The entries below contain a line with "One 1988-W $50" and a line with "청약통장 금리는 가입". Quote exactly those two lines and all lines between them.

# MATERIAL SUPPLIED
•••

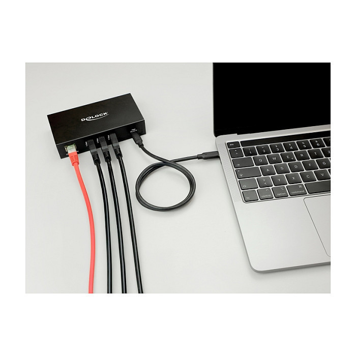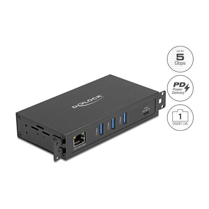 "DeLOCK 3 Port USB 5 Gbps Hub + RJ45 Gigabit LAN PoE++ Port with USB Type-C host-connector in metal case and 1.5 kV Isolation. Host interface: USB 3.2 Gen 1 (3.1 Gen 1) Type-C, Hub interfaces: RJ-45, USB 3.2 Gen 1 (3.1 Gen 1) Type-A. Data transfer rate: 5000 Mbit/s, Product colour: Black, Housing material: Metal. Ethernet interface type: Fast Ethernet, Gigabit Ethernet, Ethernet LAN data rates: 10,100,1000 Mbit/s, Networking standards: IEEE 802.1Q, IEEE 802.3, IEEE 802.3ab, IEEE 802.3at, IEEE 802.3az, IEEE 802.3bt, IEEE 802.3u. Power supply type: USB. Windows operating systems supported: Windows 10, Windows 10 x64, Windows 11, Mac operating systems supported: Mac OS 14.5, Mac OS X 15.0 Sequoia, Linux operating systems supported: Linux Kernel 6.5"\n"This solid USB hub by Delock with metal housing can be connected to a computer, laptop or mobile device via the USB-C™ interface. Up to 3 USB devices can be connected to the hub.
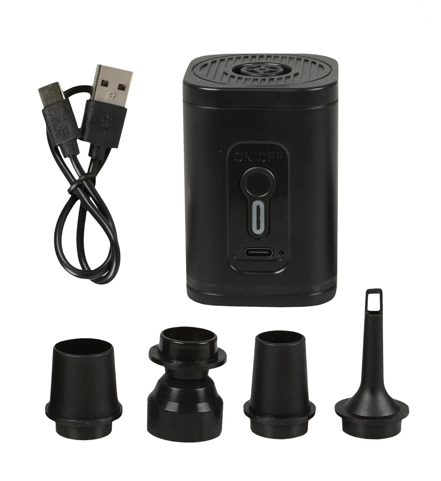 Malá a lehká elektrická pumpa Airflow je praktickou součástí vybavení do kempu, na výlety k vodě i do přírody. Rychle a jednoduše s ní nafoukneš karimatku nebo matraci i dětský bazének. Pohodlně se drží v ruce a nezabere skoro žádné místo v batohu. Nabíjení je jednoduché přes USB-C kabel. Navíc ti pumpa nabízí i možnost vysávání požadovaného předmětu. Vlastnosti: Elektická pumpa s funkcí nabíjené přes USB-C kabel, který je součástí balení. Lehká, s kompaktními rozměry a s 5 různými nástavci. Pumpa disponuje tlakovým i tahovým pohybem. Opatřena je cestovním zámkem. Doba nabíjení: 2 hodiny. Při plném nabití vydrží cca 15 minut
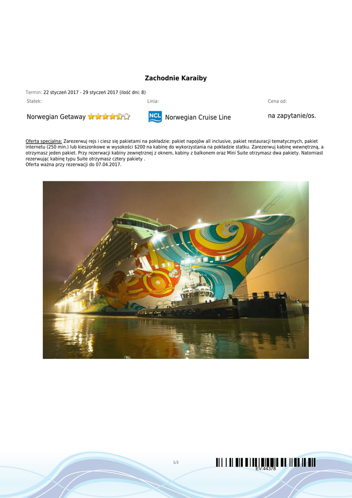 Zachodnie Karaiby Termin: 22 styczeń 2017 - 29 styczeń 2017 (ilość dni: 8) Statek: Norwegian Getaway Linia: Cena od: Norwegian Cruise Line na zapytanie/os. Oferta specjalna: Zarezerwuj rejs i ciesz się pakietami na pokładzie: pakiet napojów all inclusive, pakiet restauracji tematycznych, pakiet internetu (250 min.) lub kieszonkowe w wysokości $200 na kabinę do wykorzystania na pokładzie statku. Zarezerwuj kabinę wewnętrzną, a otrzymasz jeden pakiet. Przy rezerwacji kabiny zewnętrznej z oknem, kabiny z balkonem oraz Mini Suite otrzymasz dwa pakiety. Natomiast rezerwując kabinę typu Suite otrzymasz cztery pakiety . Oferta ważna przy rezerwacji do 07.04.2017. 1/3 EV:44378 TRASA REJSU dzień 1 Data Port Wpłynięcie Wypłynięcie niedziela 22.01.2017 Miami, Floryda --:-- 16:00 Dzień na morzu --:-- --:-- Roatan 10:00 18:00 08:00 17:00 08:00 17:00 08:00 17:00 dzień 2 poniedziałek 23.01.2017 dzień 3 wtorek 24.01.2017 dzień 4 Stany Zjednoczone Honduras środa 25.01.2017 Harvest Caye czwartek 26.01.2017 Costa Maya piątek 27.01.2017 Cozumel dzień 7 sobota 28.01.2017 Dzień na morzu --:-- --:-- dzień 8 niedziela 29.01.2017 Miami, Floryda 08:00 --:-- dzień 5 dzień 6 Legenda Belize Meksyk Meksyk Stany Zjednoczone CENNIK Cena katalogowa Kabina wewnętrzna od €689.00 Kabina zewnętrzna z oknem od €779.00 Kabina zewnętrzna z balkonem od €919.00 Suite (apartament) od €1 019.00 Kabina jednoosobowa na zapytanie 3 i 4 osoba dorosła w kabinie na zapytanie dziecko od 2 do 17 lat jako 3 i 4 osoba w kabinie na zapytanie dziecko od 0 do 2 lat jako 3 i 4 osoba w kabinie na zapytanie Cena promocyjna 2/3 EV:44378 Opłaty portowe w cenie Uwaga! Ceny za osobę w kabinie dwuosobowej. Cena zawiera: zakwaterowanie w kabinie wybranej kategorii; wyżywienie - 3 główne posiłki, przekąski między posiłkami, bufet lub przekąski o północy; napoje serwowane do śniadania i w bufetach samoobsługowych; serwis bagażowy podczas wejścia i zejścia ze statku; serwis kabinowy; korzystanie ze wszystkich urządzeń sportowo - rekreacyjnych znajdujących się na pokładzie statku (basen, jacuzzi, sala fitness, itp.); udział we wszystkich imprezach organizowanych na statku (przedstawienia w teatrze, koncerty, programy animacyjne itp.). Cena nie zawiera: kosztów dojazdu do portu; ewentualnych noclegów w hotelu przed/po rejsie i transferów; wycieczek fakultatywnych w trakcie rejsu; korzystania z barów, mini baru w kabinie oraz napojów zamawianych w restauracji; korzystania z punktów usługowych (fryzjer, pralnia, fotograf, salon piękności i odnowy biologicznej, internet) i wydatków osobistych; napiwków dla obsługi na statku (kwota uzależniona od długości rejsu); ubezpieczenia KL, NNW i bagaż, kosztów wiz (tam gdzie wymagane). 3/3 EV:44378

•••

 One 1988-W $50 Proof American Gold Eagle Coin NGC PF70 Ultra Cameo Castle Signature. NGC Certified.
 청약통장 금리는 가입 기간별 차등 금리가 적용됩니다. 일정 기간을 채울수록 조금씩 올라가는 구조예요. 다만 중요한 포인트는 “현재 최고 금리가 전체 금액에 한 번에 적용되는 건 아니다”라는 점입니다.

•••

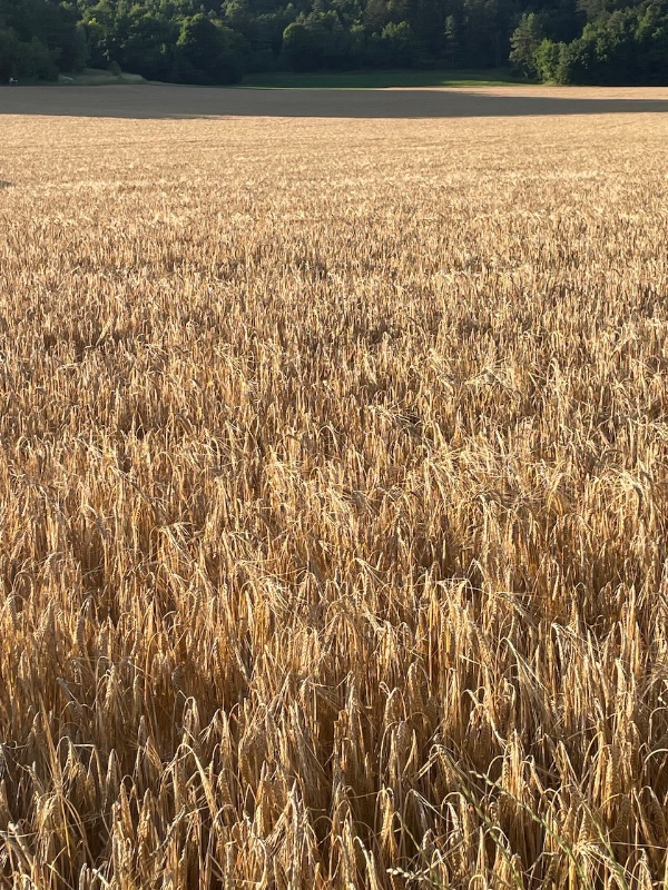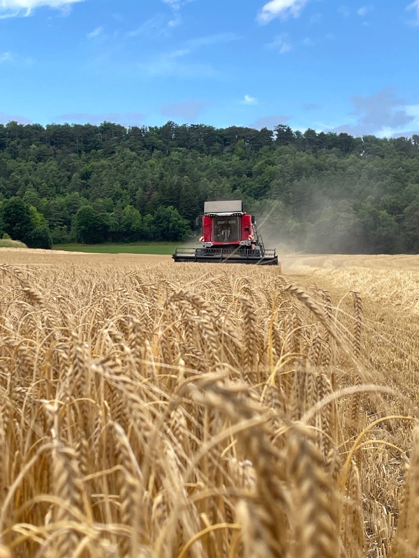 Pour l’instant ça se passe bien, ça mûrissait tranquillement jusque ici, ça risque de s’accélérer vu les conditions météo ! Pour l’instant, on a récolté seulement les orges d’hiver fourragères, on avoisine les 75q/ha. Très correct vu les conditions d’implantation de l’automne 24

•••

# REPLY TO THE TASK
 One 1988-W $50 Proof American Gold Eagle Coin NGC PF70 Ultra Cameo Castle Signature. NGC Certified.
 청약통장 금리는 가입 기간별 차등 금리가 적용됩니다. 일정 기간을 채울수록 조금씩 올라가는 구조예요. 다만 중요한 포인트는 “현재 최고 금리가 전체 금액에 한 번에 적용되는 건 아니다”라는 점입니다.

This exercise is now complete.